> [Directions]
Give the listing below again exactly, but without any of its pictures.
====== Extracted information
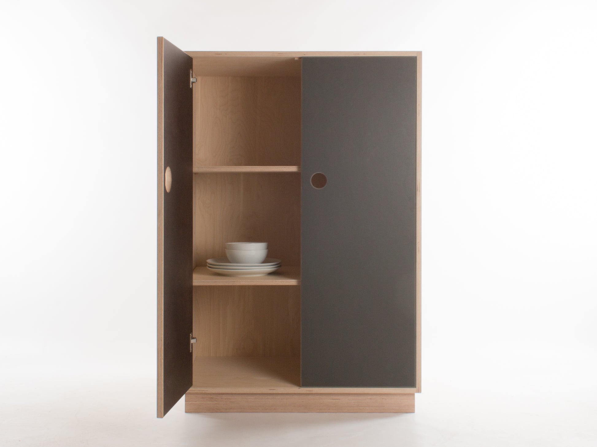 Osaka cabinets are free-standing storage units that offer simple, essentialist style while providing roomy storage. Designed with two adjustable shelves, Osaka cabinets are available in different sizes to accommodate your storage needs.
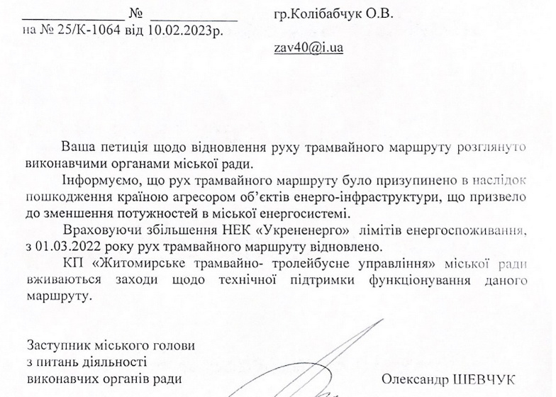 «Житомиряни дуже стурбовані чутками про можливий демонтаж трамвайної лінії і прибирання трамваїв з Житомира. Хотілося б почути від влади її бачення продовження роботи трамвайних маршрутів та перспективи розвитку трамвая в місті Житомирі», - йшлося у зверненні, яке підписали 322 особи.
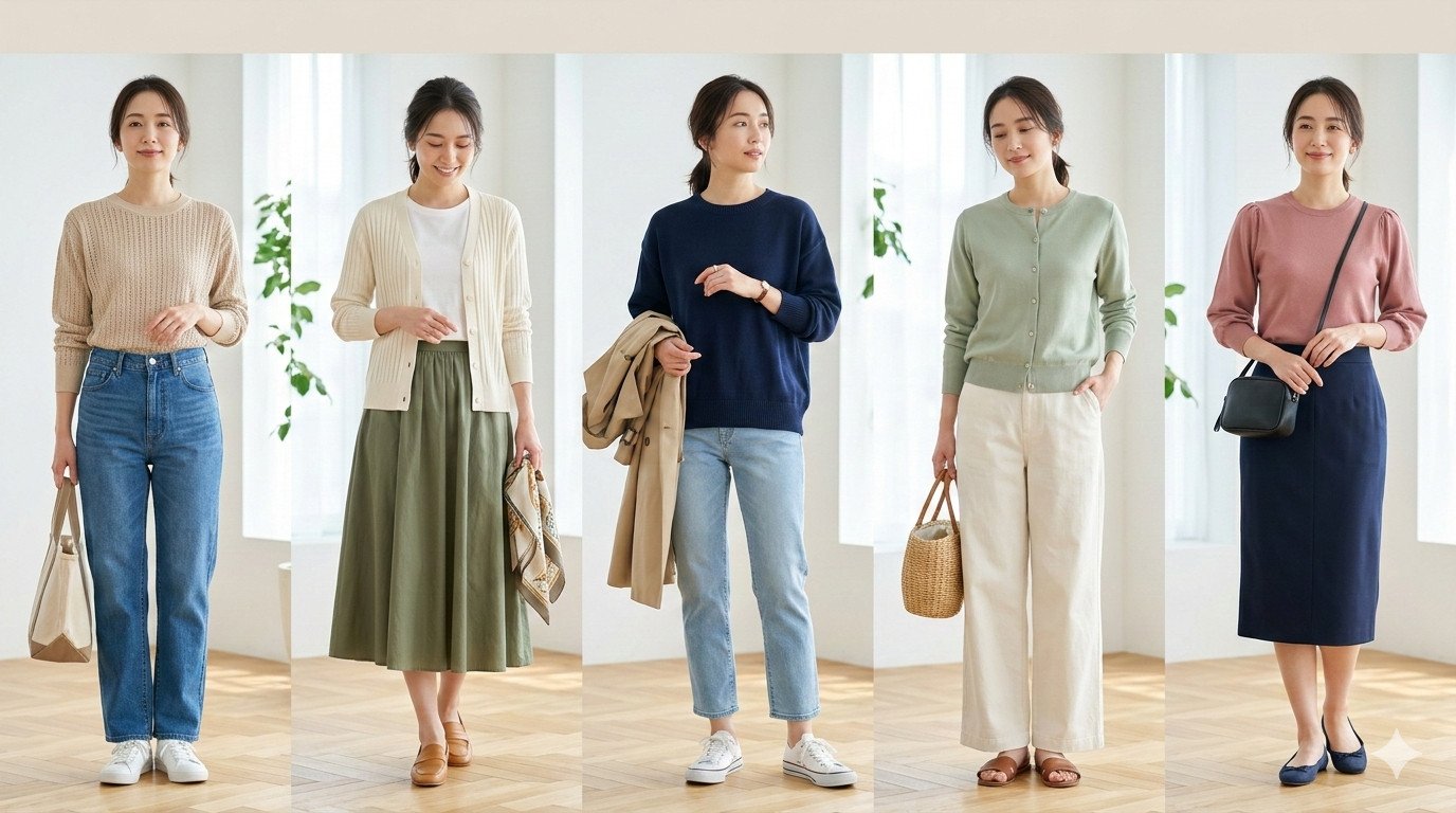 - おすすめシーン: きれいめオフィスカジュアル、春の通勤スタイル。
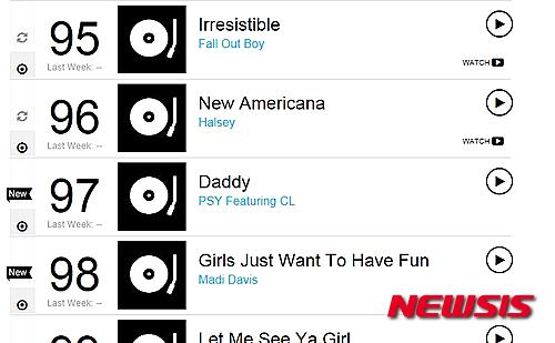 싸이가 지난 1일 공개한 정규 7집 '칠집싸이다'의 더블 타이틀곡 중 하나인 '대디'가 19일 자 '핫100'에 97위로 데뷔했다.
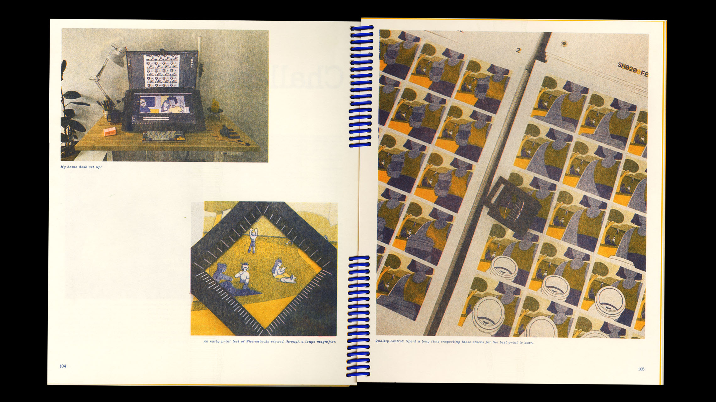 Featuring more than 150 pages of vibrant animation frames, Whereabouts offers an intimate look into the riso animation process, and a way to experience the film in a new, tangible form: an animation you can hold in your hands.
============
> [Task answer]
 Osaka cabinets are free-standing storage units that offer simple, essentialist style while providing roomy storage. Designed with two adjustable shelves, Osaka cabinets are available in different sizes to accommodate your storage needs.
 «Житомиряни дуже стурбовані чутками про можливий демонтаж трамвайної лінії і прибирання трамваїв з Житомира. Хотілося б почути від влади її бачення продовження роботи трамвайних маршрутів та перспективи розвитку трамвая в місті Житомирі», - йшлося у зверненні, яке підписали 322 особи.
 - おすすめシーン: きれいめオフィスカジュアル、春の通勤スタイル。
 싸이가 지난 1일 공개한 정규 7집 '칠집싸이다'의 더블 타이틀곡 중 하나인 '대디'가 19일 자 '핫100'에 97위로 데뷔했다.
 Featuring more than 150 pages of vibrant animation frames, Whereabouts offers an intimate look into the riso animation process, and a way to experience the film in a new, tangible form: an animation you can hold in your hands.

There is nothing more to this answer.